Data =
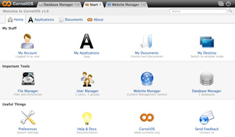CorneliOS applications are basically small websites using the CorneliOS CORA framework and CorneliOS technologies such as CornelioSCRIPT and extended HTML tags. The basic installation includes a set of useful apps including a user manager, a file manager, a Content Management System (CMS) and a database manager.
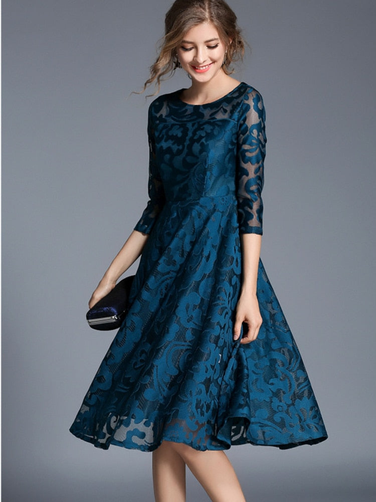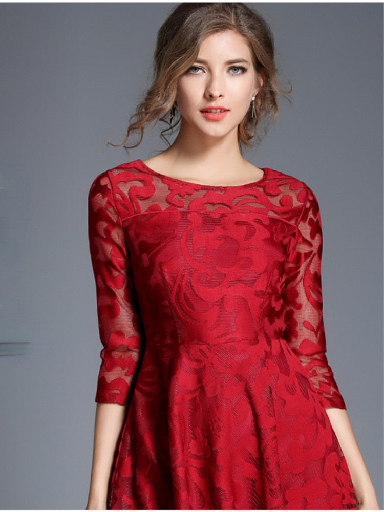 Summer Ladies Dress New Slim Fit and Slim Mid-length Lace Swing Dress Temperament Party Office Elegance Bandage Dresses
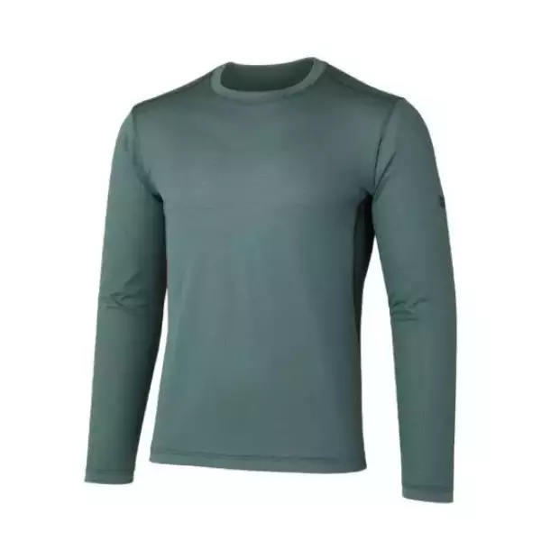 肌が触れる内側にドット状の接面を持たせたテクニカルなロングスリーブタイプのベースレイヤーです。表面は汗を素早く拡散させ、裏面は撥水加工を施した二重構造で、汗を吸って移行させる作りとなっています。
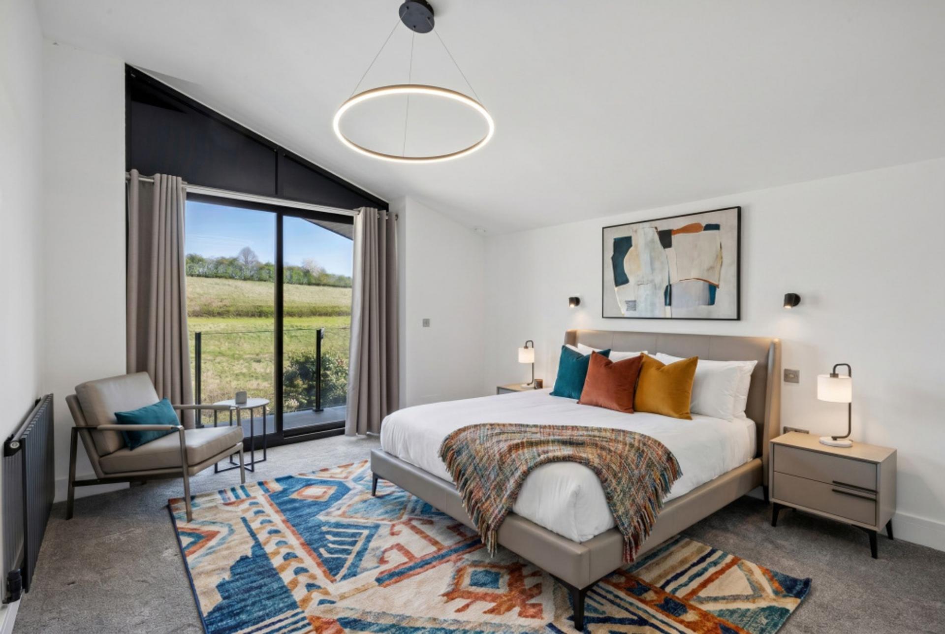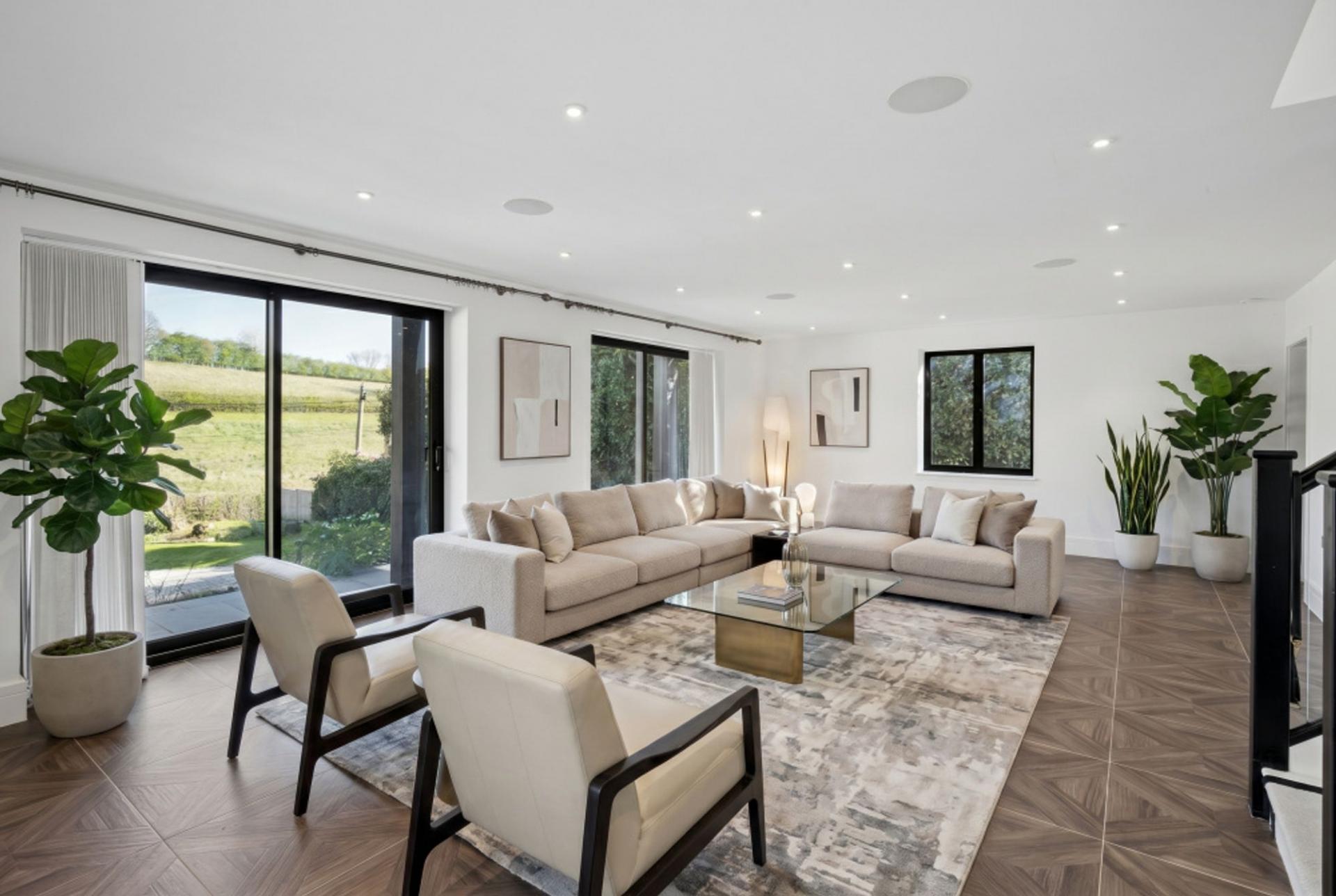 - Large sitting room with access to terrace and with views across open farmland.

What you are asked to do = What you write must match, line for line, the lines from the one with "肌が触れる内側にドット状の接" through the last line of the data above, minus the pictures.

Solution for this problem =
 肌が触れる内側にドット状の接面を持たせたテクニカルなロングスリーブタイプのベースレイヤーです。表面は汗を素早く拡散させ、裏面は撥水加工を施した二重構造で、汗を吸って移行させる作りとなっています。
 - Large sitting room with access to terrace and with views across open farmland.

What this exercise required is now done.